You may recall that I recently bought an Ooma VoIP Telephone system since it offers me unlimited phone service for an upfront price of about $200. Porting your landline phone number over to Ooma costs $40, but can be worth it for some folks. (It’s also free with a 1-year $99 subscription to Ooma Premier service, which includes a second phone number.)

Although Ooma warns that it can take up to 4-6 weeks, the results are highly dependent on your local telephone company. I thought I would share the timeline of a friend’s successful port which took 19 days.

Day 1 – Filled out port request online.

Day 3 – Faxed/e-mailed in required paperwork, which required some signatures and a copy of recent phone bill.

Day 9 – Received the following e-mail from Ooma. Emphasis is mine.

You’ve recently requested your phone number to be ported to ooma. We have submitted all of the information you provided to your current Carrier and are still awaiting confirmation. We will notify you via email once we have confirmation of the actual completion date.

Please keep in mind that if you have DSL on the same number that you requested to port, you will lose your internet connection when your number is ported. ooma will not work without a broadband connection, so this is a friendly reminder to insure you do not experience down time.

Day 12 – Another e-mail from Ooma.

You’ve recently requested your phone number to be ported to Ooma. The expected completion date of your request is scheduled for 12/29/09 [Day 19].

Day 19 – Final e-mail from Ooma.

Thank you for placing your order with ooma, your porting request has been completed. Please reboot your ooma hub so your account will be updated with this number. You may also contact your local carrier to cancel your account with them.

As promised, on Day 19, the regular landline phone went dead. If you called it, it said “This number is no longer in service.” But after rebooting the Ooma unit, all calls were immediately picked up by the new Ooma line. After calling the telephone company to cancel, they said that everything was already terminated and that the final bill would come in shortly. I guess since the number was already gone, they had no reason to try and convince me to stay.

In general, I think Ooma did a very good job of providing regular updates during the process. The overall process was as smooth as could be expected, with the worst part being that it still took 3 weeks total.

Sending Faxes with Ooma Phone Service

Today I tried to both send and receive faxes through my new Ooma VoIP phone system. I used a Brother MFC-7340 multi-function printer and my Ooma is connected via cable modem.

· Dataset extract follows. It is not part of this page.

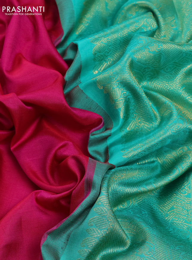 Pure kanchipuram silk saree green and wine shad...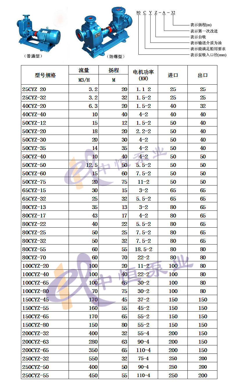 1、CYZ-A自吸油泵,具有结构简单、操作方便、运行平稳、维护容易、效率高、寿命长,并具有其它泵所不具有的自吸功能等特点。管路中不需底阀,工作前只需保证泵体内储有定量引油即可。具有“一次引流,终身自吸”功能,用于油轮或船用油泵时,可兼作扫舱泵,扫舱效果良好。

While fax is not officially supported, there is a section with several tips in the Ooma Support Knowledgebase, which I highlighted below. Short version: Connect your fax machine directly to the Hub, and dial *99 before your fax number. Both sending and receiving worked perfectly for me on the first try. I’m very impressed!

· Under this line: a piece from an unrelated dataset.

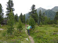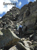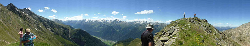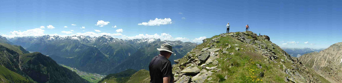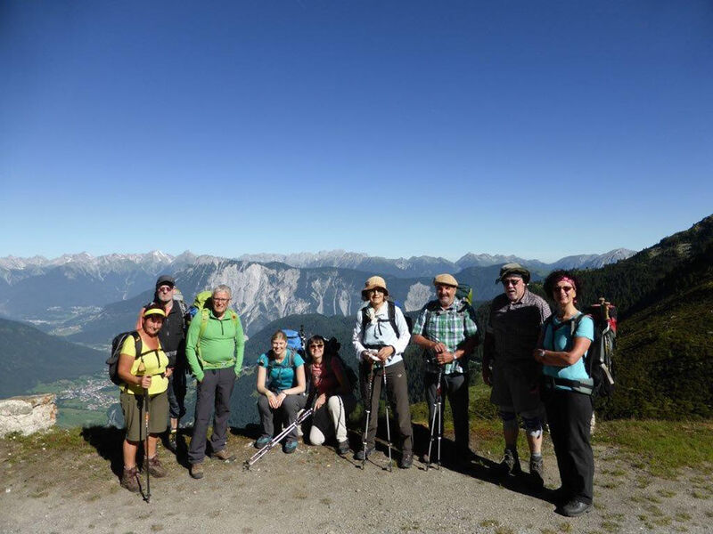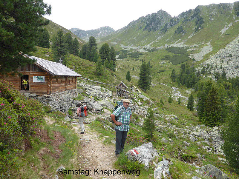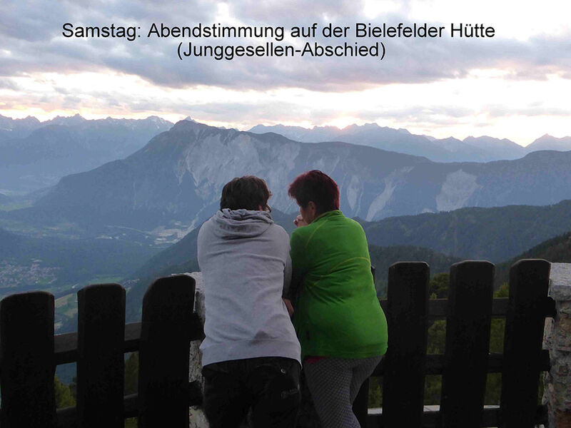 Samstags trafen wir uns an der Dortmunder Hütte, ein Auto wurde zum geplanten Abstiegsort vorgestellt, und los ging`s in 4 Stunden zur Bielefelder Hütte. Auf dem Knappenweg kamen wir am Knappenhaus vorbei, innen ein kleines Bergbaumuseum und nebenan ein altes Pochwerk. Immer wieder weite Ausblicke ins Inntal und auf die dahinter liegenden Stubaier, auch abends von der Terasse der Bielefelder Hütte aus bei romantischem Sonnenuntergang. Eine trinkfeste Gruppe aus dem Tal feierte dort Junggesellen-Abschied, hochprozentige Getränke gab es dort flaschenweise.

While the ooma system is not guaranteed for Fax transmissions, it often works successfully, provided you follow these simple instructions:

1. For the best results, make sure your Fax machine is connected to the back of the ooma Hub or Telo unit, not the ooma Scout. The fax machine should be plugged into the “PHONE” port of the ooma device. If you plan on using a phone handset with the ooma Hub or Telo, you can use a splitter to connect a phone handset and the fax machine to the ooma device.

2. Dial the prefix *99 before you dial an outgoing Fax call. Please note that you may need to insert a pause or two in the dialing sequence after entering the *99 prefix and before entering the Fax number.

If you are still unable to send or receive a Fax, try the following additional steps:

1. Disable “ECM” (i.e., “Error Correction Mode”) on your Fax machine.
2. Decrease the transmission or baud rate.
3. Reduce the number of pages that are sent per fax.
4. Decrease the desired image quality of the fax.
5. Discontinue any large file downloads (for receiving faxes) or uploads (for sending faxes).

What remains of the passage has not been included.